I noticed on Facebook during this horrible tragedy in Paris that there was some worry because not everyone had checked in using Safety Check (video). So I thought people might want to know a little more about how Safety Check works.
If a friend or family member hasn't checked-in yet it doesn't mean anything bad has happened to them. Please keep that in mind. Safety Check is a good system, but not a perfect system, so keep your hopes up.
This is a really short version, there's a longer article if you are interested.
Before the Paris attack Safety Check was only activated for natural disasters. Paris was the first time it was activated for human disasters and they will be doing it more in the future. As a sign of this policy change, Safety Check has been activated for the recent bombing in Nigeria.
If you are in an area impacted by a disaster Facebook will send you a push notification asking if you are OK.
Tapping the “I’m Safe” button marks that your are safe.
All your friends are notified that you are safe.
Friends can also see a list of all the people impacted by the disaster and how they are doing.
Since Facebook only has city-level location for most users, declaring the area isn't as hard as drawing on a map. Facebook usually selects a number of cities, regions, states, or countries that are affected by the crisis.
Facebook always allows people to declare themselves into the crisis (or out) in case the geolocation prediction is inaccurate. This means Facebook can be a bit more selective with the geographic area, since they want a pretty high signal with the notifications. Notification click-through and conversion rates are used as downstream signals on how well a launch went.
For something like Paris, Facebook selected the whole city and launched. Especially with the media reporting "Paris terror attacks," this seemed like a good fit.
Building a geoindex is the obvious solution, but it has weaknesses.
People are constantly moving so the index will be stale.
A geoindex of 1.5 billion people is huge and would take a lot of resources they didn’t have. Remember, this is a small team without a lot of resources trying to implement a solution.

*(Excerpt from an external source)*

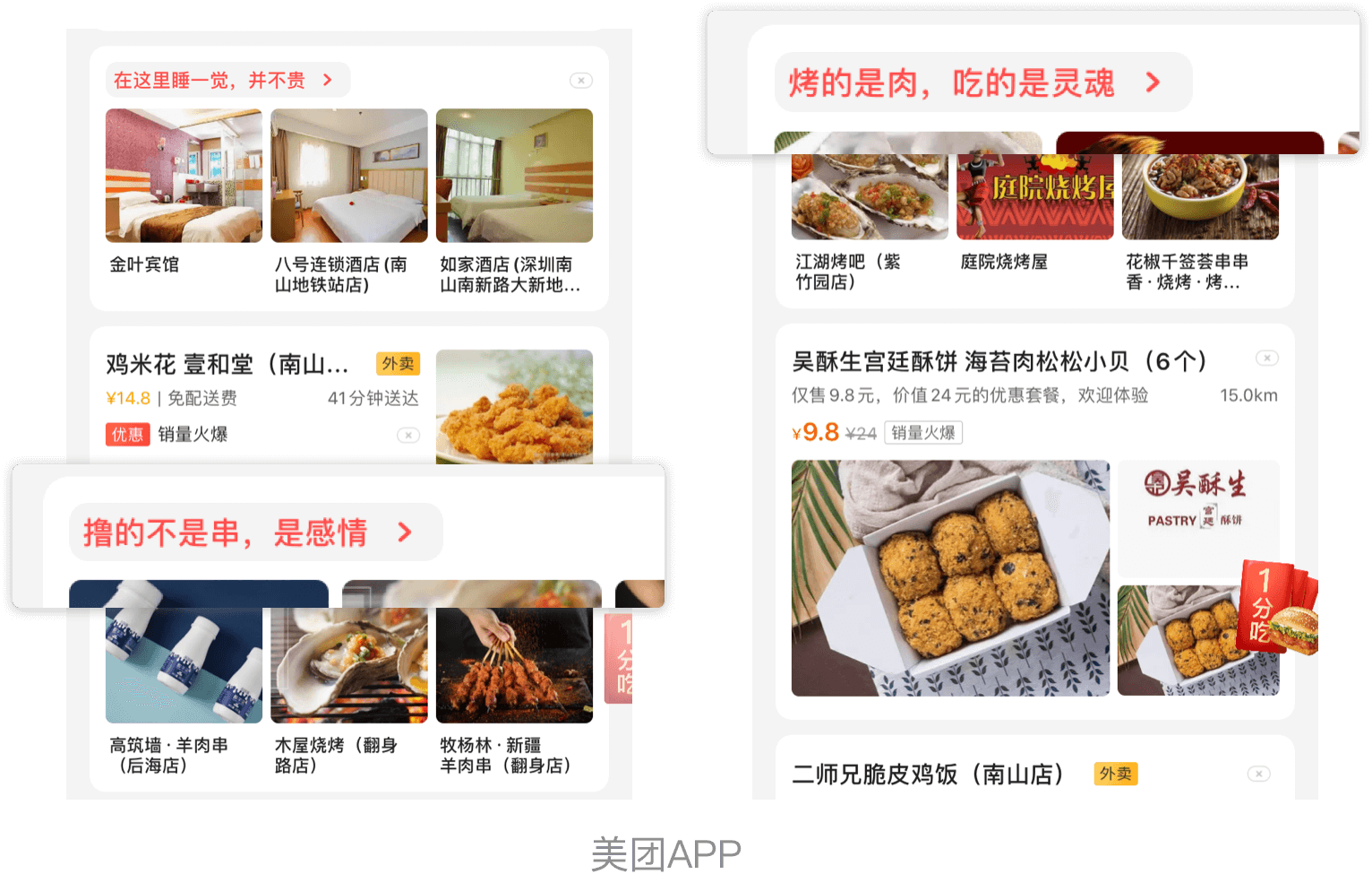 情感体验,或者可以说是亮点功能,是在用户期待值之外出现的惊喜。这一方面需要设计师把握出现时机,何时何地展现在用户面前,辛辛苦苦做了彩蛋却没多少用户知道,是非常可惜的。例如美团推荐信息流中的小标签文案,低成本的同时又引起用户情感共鸣,点击后进入相关内容聚合页,起到不错的导流效果。

Instead of keeping a data pipeline that’s rarely used active all of the time, the solution should work only when there is an incident. This requires being able to make a query that is dynamic and instant.
Facebook does not have GPS-level location information for the majority of its user base (only those that turn on the nearby friends feature), so they use the same IP2Geo prediction algorithms that Google and other web companies use -- essentially determining city level location based on IP address.
When there’s a disaster, say an earthquake in Nepal, a hook for Safety Check is turned on in every single news feed load.
When people check their news feed the hook executes. If the person checking their news feed is not in Nepal then nothing happens.
When someone in Nepal checks their news feed is when the magic happens.
Safety Check fans out to all their friends on their social graph. If a friend is in the same area then a push notification is sent asking if they are OK.
The process keeps repeating recursively. For every friend found in the disaster area a job is spawned to check their friends. Notifications are sent as needed.
At the end of the day it's really just DFS (Depth First Search) with seen state and selective exploration.
The product experience feels live and instant because the algorithm is so fast at finding people. Everyone in the same room, for example, will appear to get their notifications at the same time. Why?
Using the news feed gives a random sampling of users that is biased towards the most active users with the most friends. And it filters out inactive users, which is billions of rows of computation which need not be performed.
The graph is dense and interconnected. Six Degrees of Kevin Bacon is wrong, at least on Facebook. The average distance between any two of Facebook’s 1.5 billion users is 4.74 edges. Sorry Kevin. With 1.5 billion users the whole graph can be explored within 5 hops. Most people can be efficiently reached by following the social graph.
There’s a lot of parallelism for free using a social graph approach. Friends can be assigned to different machines and processed in parallel. As can their friends, and so on.
Isn't it possible to use something like Hadoop/Hive/Presto to simply get a list of all users in Paris on demand? Hive and Hadoop are offline. It can take ~45 minutes to execute a query on Facebook's entire user table (even longer if it involves joins) and certain times of the day its slower (during work hours usually). Not only that, but once the query executes some engineer has to go copy and paste into a script that would likely run on one machine. Doing this in a distributed async job fashion allowed for a lot more flexibility. Even better, it's possible to change the geographic area as the algorithm runs and those changes are reflected immediately.
The cost of searching for the users in the area directly correlates with the size of the crisis (geographically). A smaller crises ends up being fairly cheap, whereas larger crises end up checking on a larger and larger portion of the userbase until 100% of the user base is reached. For Nepal, a big disaster, ~1B profiles were checked. For some smaller launches only ~100k profiles were checked. Had an index been used, or an offline job that did joins and filters, the cost would be constant, no matter how small the crisis.